Peer review in A resource-rational theory of set size effects in human visual working memory

Peer review process
Decision letter
Author response

Peer review process

This article was accepted for publication as part of eLife's original publishing model.

History

Version of Record published August 27, 2018
Accepted Manuscript published August 7, 2018
Accepted July 28, 2018
Received January 10, 2018

Decision letter

Stephanie Palmer

Reviewing Editor; University of Chicago, United States
Timothy E Behrens

Senior Editor; University of Oxford, United Kingdom

In the interests of transparency, eLife includes the editorial decision letter and accompanying author responses. A lightly edited version of the letter sent to the authors after peer review is shown, indicating the most substantive concerns; minor comments are not usually included.

Thank you for submitting your article "Ecological rationality in human working memory and attention" for consideration by eLife. Your article has been reviewed by three peer reviewers, and the evaluation has been overseen by a Reviewing Editor and Timothy Behrens as the Senior Editor. The following individual involved in review of your submission has agreed to reveal her identity: Jacqueline Gottlieb (Reviewer #2).

The reviewers have discussed the reviews with one another and the Reviewing Editor has drafted this decision to help you prepare a revised submission.

Summary:

In this manuscript, van den Berg and Ma propose a normative theory of a phenomenon called set-size effect – the fact that attention and working memory performance degrades as a function of the number of items.
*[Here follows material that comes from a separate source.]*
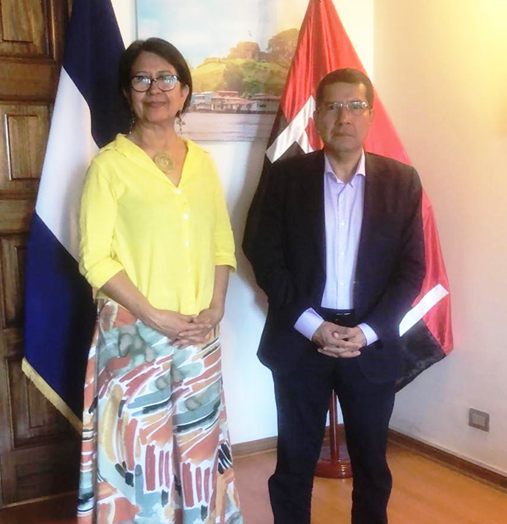 En la sede de nuestra Embajada, el Compañero Carlos Midence, Encargado de Negocios, la recibió cálidamente a la vez que le trasladó el saludo de nuestro Buen Gobierno Sandinista y Pueblo de Nicaragua, los cuales fueron bien recibidos por la Compañera.

The set-size effect is fundamental in attention and working memory research, and many previous models have successfully described it by using ad hoc assumptions about the relation between precision and set-size. The authors' main innovation is to explain this relation in a normative framework. Specifically, they propose that the degradation in precision as a function of set size reflects a tradeoff between the benefits of precise encoding and the neural costs that this encoding demands. The authors develop the model, use it to fit several existing data sets, and offer an extensive discussion of the limitations of their model and its relation to the previous theoretical and empirical literatures.
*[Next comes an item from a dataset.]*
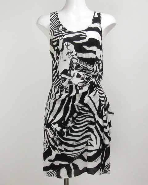 モノトーンカラーのエレガントワンピース♪ シフォン素材の軽やかな一品。 動く度に揺れるお裾が素敵です! アームホールに薄汚れがございます。 バックファスナー仕様。 着丈約87~91cm 肩幅32cm バスト約85cm W約74cm H約88cm 【サイズ】:(38) 【素 材】:(レーヨン97%・ポリウレタン3% 裏地/ナイロン) 【 色 】:(黒白) 【程 度】:(B) **** 12151125-024 211 031 | ||||

The paper incorporates a genuinely new idea and is clearly written and quite thorough in its analysis and discussion. The Results section details a substantive amount of work, in which the model was fit to data from several experiments where working memory precision was measured in the context of local delayed-estimation, global estimation, change detection, change localization and present/absent visual search, and was quantitatively evaluated against other (often equally good) prediction schemes.

Some major revisions are requested to clarify situations in which not all items are stored, to answer questions about the model parameter τ, and to expand the discussion about how the flexibility of resource allocation in the model could be mechanistically realized in the brain.

Essential revisions:

1) The number of encoded items: The paper mentions a possible hard constraint on the number of items encoded. Depending on set size and cost functions, when (if ever) is it "optimal" not to encode some of the items? Some new modeling results should be shown here to shore this up and a longer discussion of this point should be added to the Results and Discussion.

Furthermore, please expand the discussion of the costs of encoding more items versus fewer. Intuitively, it is obvious that it is more costly to encode 8 items than 2, but there are numerous reasons why this could be the case. Are there any experimental data in support of this assumption? In particular, are there any experimental data showing that encoding more items results in higher firing rates (at the population level)?

Michael Frank and his group have recently made a very principled attempt to characterize the nature of the cost in these tasks, in terms of how participants might group or chunk the items. It may be beyond the scope of the current paper to attempt to outline a theory that explains these results, but perhaps readers would enjoy some more elaborate discussion of this issue.

2) τ: Please provide additional model results that show how the fits look when τ = 0. In particular, please show the goodness of fit of the rational model (with τ = 0) as compared to the fit of a model with a "hard" constraint on resources? In general, it was confusing that the theory is initially described in absence of τ, while τ is used for actual fits to data. It would have been easier to understand if the theory had been evaluated in presence of τ, and its effect studied within that theoretical framework.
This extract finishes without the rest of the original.